Corso di Medicina: un’aspirante matricola su due è del Sud

Corso di Medicina: un’aspirante matricola su due è del Sud

Il Quotidiano del Sud
Corso di Medicina: un’aspirante matricola su due è del Sud

L’Anvur fa il punto sulla formazione del settore sanitario: per i corsi di laurea in medicina: un’aspirante matricola su due è del Sud. Il 47,2% dei ragazzi che sognano di indossare il camice bianco viene dal Meridione, seguiti da quelli del Nord (33,6%) e del Centro (18,9%)

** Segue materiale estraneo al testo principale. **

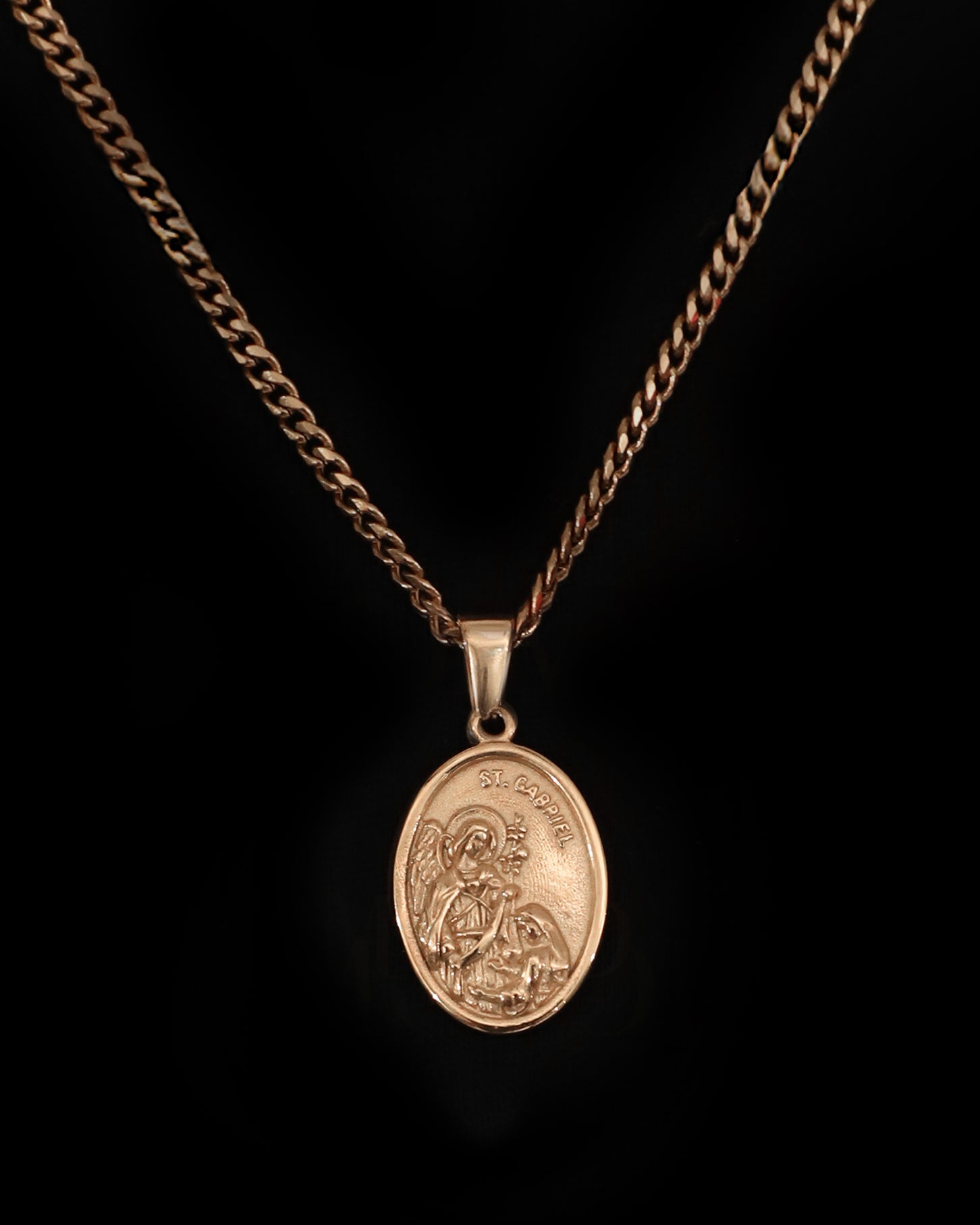 This St. Gabriel pendant necklace symbolizes clarity, guidance, and divine communication. Featuring a beautifully detailed depiction of the Archangel Gabriel, the messenger of God, this piece radiates serenity and purpose. Its polished finish and timeless design make it a meaningful emblem of faith, intuition, and inspiration — perfect for those who seek light, truth, and spiritual connection.

Medicina che passione, soprattutto al Sud. Quasi un’aspirante matricola su due che indica come prima scelta il corso di Medicina e Chirurgia viene dalle regioni del Mezzogiorno. Più precisamente, il 47,2% dei ragazzi che sognano di indossare il camice bianco, seguiti da quelli del Nord (33,6%) e poi da quelli del Centro (18,9%), anche se poi, il tasso di successo dei partecipanti al test d’ingresso, espresso come rapporto tra immatricolati e partecipanti, è pari al 18,7% a vantaggio dei settentrionali. In tutto, una platea di circa 538mila aspiranti dottori nell’ultimo decennio. Dieci anni in cui è avvenuta una pandemia che ha scosso l’intero sistema sanitario, mettendo in evidenza tutte le sue fragilità, a partire dalla carenza di personale.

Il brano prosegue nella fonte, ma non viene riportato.